All that being said, your horse doesn't need side reins. Just keep riding him consistently and he'll come along on his own. I think side reins kind of help horses that have experienced rough hands and are having troubles trusting the contact. But he just needs time is all. 


OP your horse is only 3? Oh he's coming along nicely!!


----------



## Oxer (Jul 9, 2010)

^^^ ah! well said, Sky!


----------



## Skyseternalangel (Jul 23, 2011)

Thank you


----------



## gypsygirl (Oct 15, 2009)

i could be wrong but i was under the impression that people were saying not to use side reins while riding...


----------



## Skyseternalangel (Jul 23, 2011)

gypsygirl said:


> i could be wrong but i was under the impression that people were saying not to use side reins while riding...


That's never a good idea.. only on the ground IMOP. Too much stimuli while riding cause there's the action from the side reins giving and taking.. then your hands.. then your seat.. then your legs. It's confusing and not very helpful.

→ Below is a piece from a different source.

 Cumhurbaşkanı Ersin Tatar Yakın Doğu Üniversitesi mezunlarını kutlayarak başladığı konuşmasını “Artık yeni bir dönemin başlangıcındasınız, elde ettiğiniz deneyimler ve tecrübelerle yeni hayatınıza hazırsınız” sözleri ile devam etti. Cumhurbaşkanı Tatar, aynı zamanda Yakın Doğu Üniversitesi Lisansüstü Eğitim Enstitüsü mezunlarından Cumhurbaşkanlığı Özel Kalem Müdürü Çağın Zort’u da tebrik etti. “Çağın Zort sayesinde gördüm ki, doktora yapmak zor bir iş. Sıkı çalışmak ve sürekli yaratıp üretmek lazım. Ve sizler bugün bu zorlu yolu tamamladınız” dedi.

On the ground all he's gotta worry about is moving forward and feeling the give and take from the elastic on the side reins.


----------



## gypsygirl (Oct 15, 2009)

ya i know, i agree. i was just saying that i dont think people are saying side reins are bad, i think they were just saying dont use them while riding in place of draw reins.


----------



## Skyseternalangel (Jul 23, 2011)

Oh the beginning of that post never showed up. I said "Oh you're probably right"

Which again, you probably are right  Just didn't know if the OP knew that or not.


----------



## gypsygirl (Oct 15, 2009)

haha stupid internet !


----------



## Skyseternalangel (Jul 23, 2011)

Seriously.. I think part of it is my computer too. I type and then it jumps to another window for no reason -.-

I once rode Sky in side reins, not my choice.. but my trainer threw them on when we were teaching Sky to canter under saddle and I literally dropped the reins and he was traveling well and stuff.. but don't recommend it. I was being lunged too, but even then I wasn't happy about the decision that was made.

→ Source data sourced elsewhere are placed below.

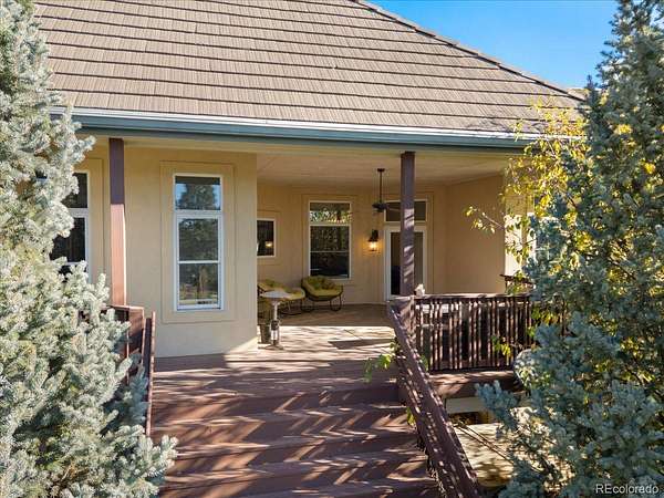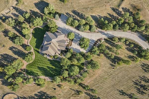 Nestled among the pines in sought-after Sterling Tree Farm, 4637 Palmer Ridge Drive is a rare 5.41-acre luxury estate in Parker, Colorado offering mountain views, privacy, and equestrian potential. This 5-bedroom, 5-bath custom home spans 6,171 sq ft and combines serene acreage living with close-in convenience—just minutes to downtown Parker, Colorado Horse Park, and The Pinery Golf & Country Club. Light-filled interiors feature soaring ceilings, expansive windows, and a covered wraparound deck for seamless indoor-outdoor living. The gourmet kitchen includes stainless steel appliances, abundant cabinetry, and a large center island. A formal dining room with wet bar and a bright sunroom provide ideal spaces for entertaining or flexible living. The primary suite offers mountain views, a sitting area, double-sided fireplace, and spa-like bath. Three additional upstairs ensuite bedrooms provide comfort and privacy. The finished walkout basement features a media area, wet bar, large recreation space, and a fifth ensuite bedroom—ideal for guests or multigenerational living. Recent updates include newer boiler, hot water tank, air handling and condensing units, roof inspection, and constant-pressure well system. With its combination of acreage, privacy, mature trees, and proximity to top amenities, this property represents a rare opportunity in today’s market. An exceptional value for a home of this size, setting, and location—this is a standout opportunity not to be missed.
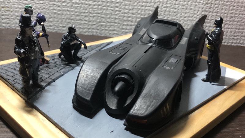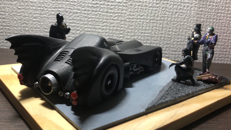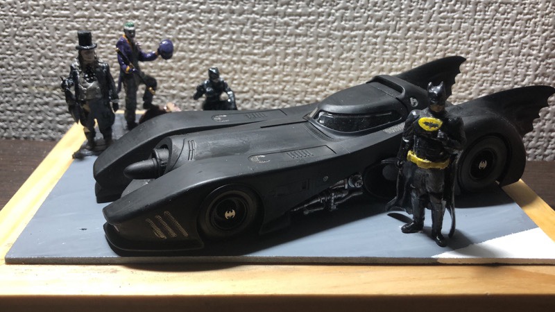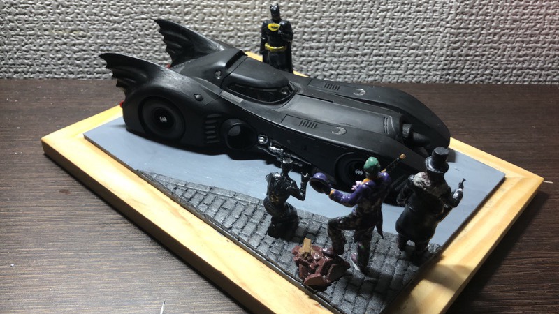 バットモービルとバットマン、ジョーカー、ペンギン、キャットウーマンのジオラマ
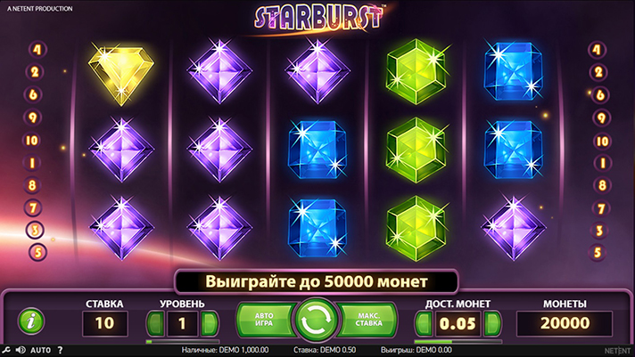 | Starburst | 96.09% | Низкая | х500 | Expanding Wilds, респины |
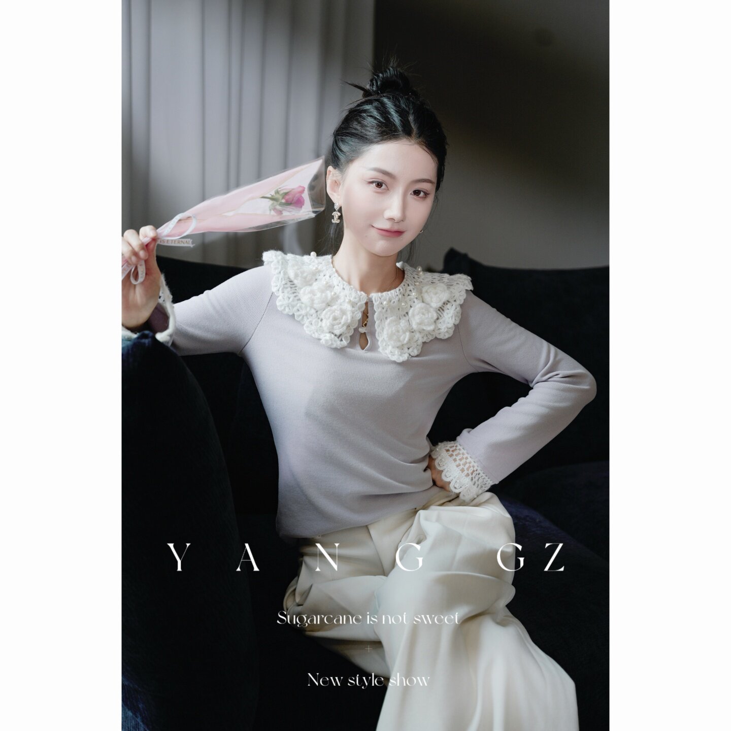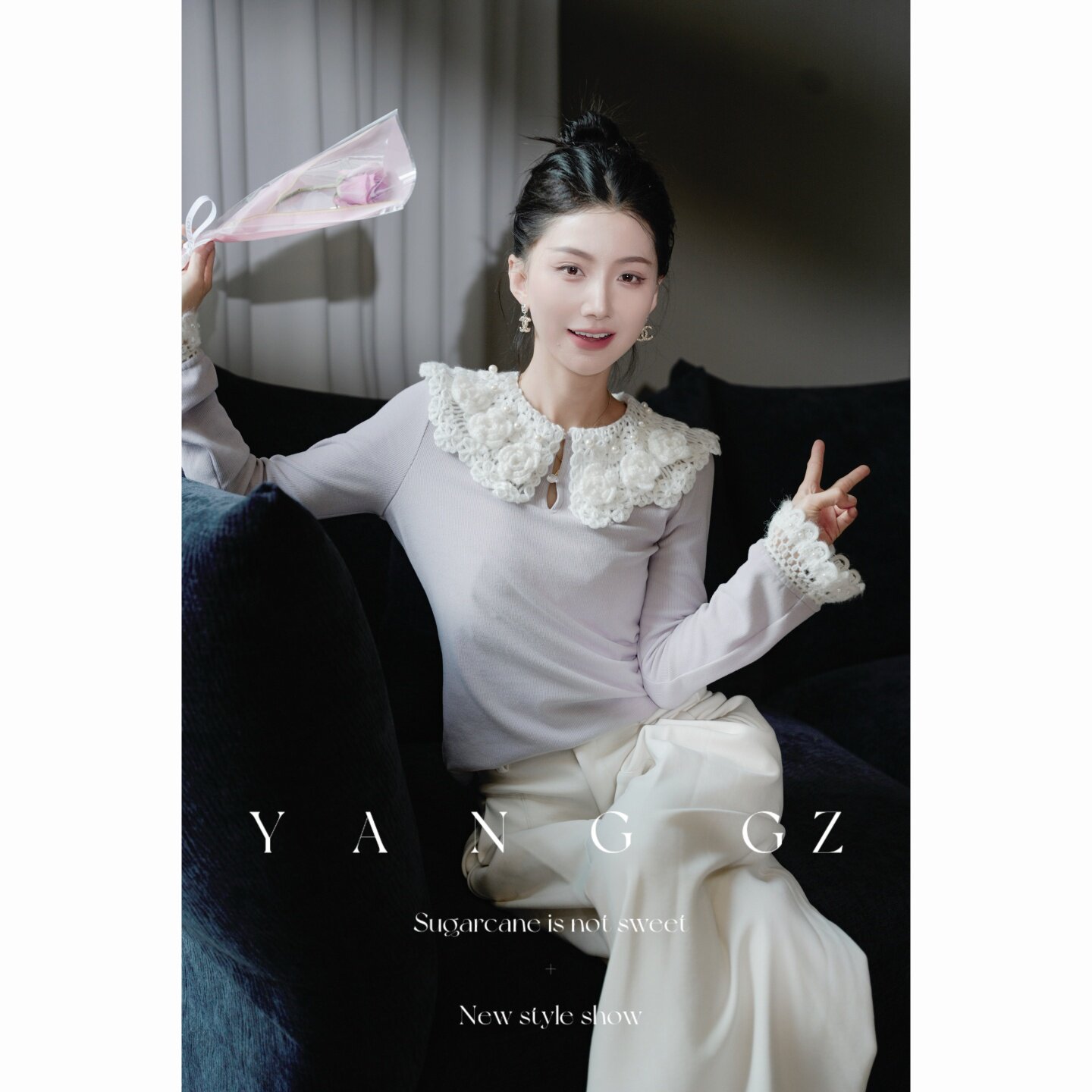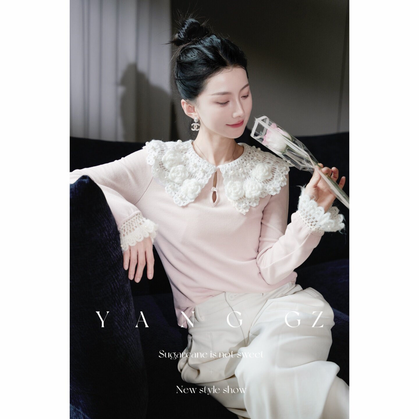 淘宝甘蔗 YANG GZ,新款秋冬季翻领钩花打底衫上衣女
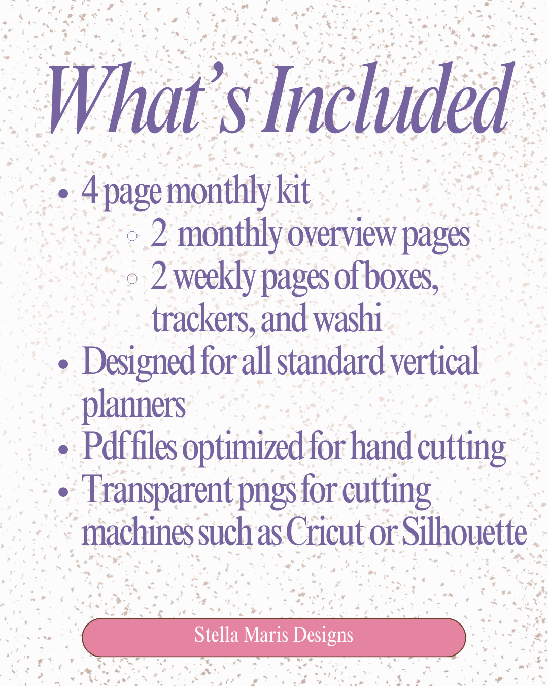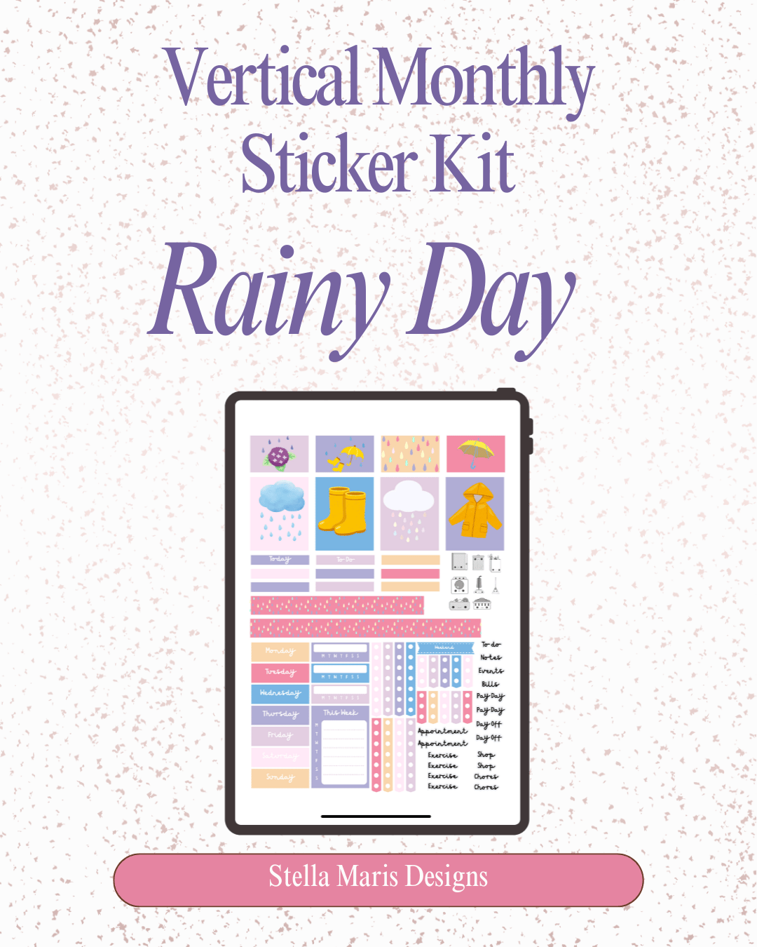 A pastel rainy‑day aesthetic designed for Standard Vertical monthly layouts. Soft colors, raindrops, and cozy illustrations create a calm, refreshing monthly overview while keeping everything functional and easy to use.

I've never used draw reins but I've seen people at my old barn ride with them and it just doesn't look very comfortable for the horse :/


----------



## gypsygirl (Oct 15, 2009)

i personally detest draw reins, but some people like them and dont hurt their horse with them.

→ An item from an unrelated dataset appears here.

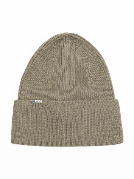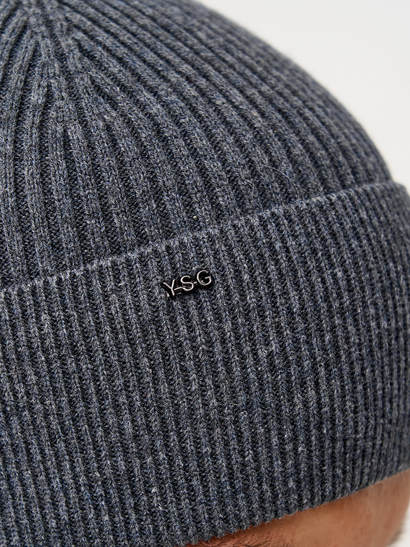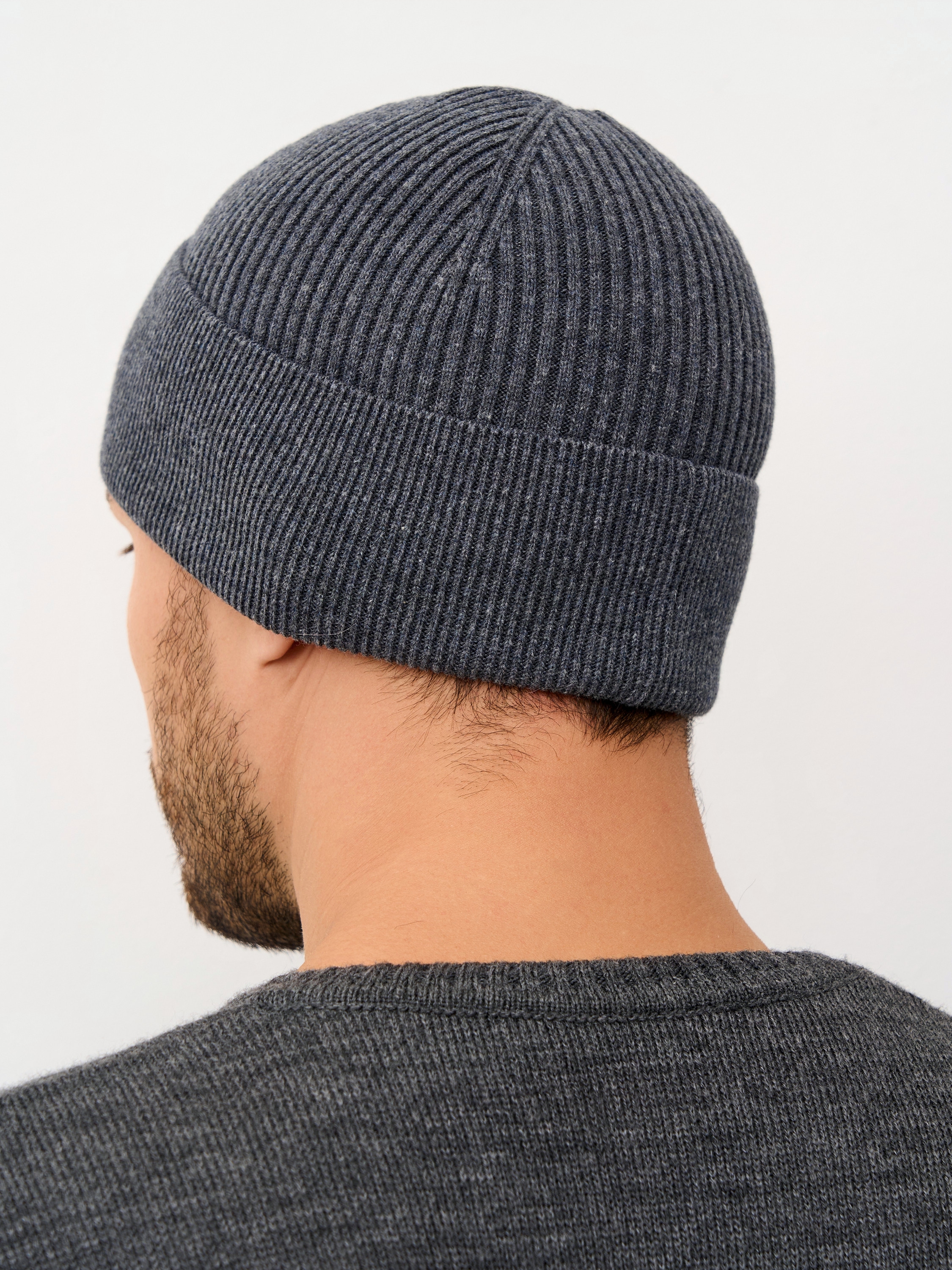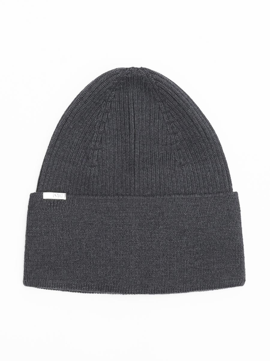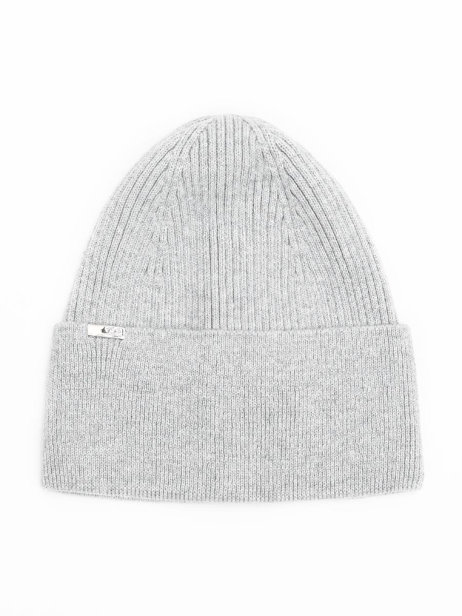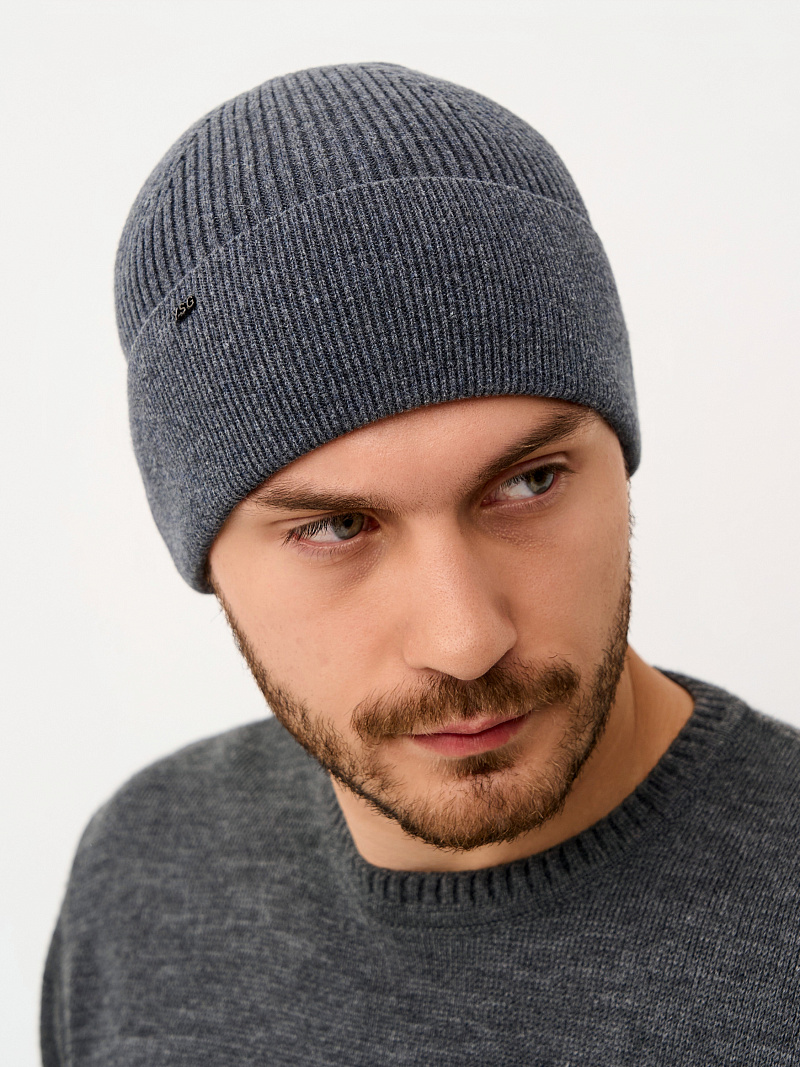 Шапка одинарная с хлопком, с отворотом и металлическим декором.

the only time i think its ok to ride with side reins is when you are on the lunge and your reins are dropped.


----------



## Skyseternalangel (Jul 23, 2011)

It felt weird.. let me tell ya.

It just feels so much better when the horse figures it out!

Also sorry OP for the discussion, lol..


----------



## xJumperx (Feb 19, 2012)

Look great  The only thing I have to add is actually not relative to you riding  His saddle looks like it is a tad too forward ... If it has a tendancy to slip forward, which it looks like it has here, this may be causing him to 'throw his head around,' as you mentioned. It is a little annoying to have 100 pounds on your shoulder  I would heavily suggest investing in a non-slip pad. Just a little one to go under your normal saddle pad. We have this one, and I swear by it -
Gel-Eze Non-Slip Gel Wither Pad | Dover Saddlery


----------



## howrsegirl123 (Feb 19, 2012)

His head is way up


----------



## xJumperx (Feb 19, 2012)

I would just like to add that these, while a lot cheaper, DON'T work AT ALL! I am just warning you, so you don't waste 10 bucks. The gel pads I listed earlier are the only non-slip pads I have found to really work. These? Aren't worth spit-
No-Slip Saddle Pad | Dover Saddlery


----------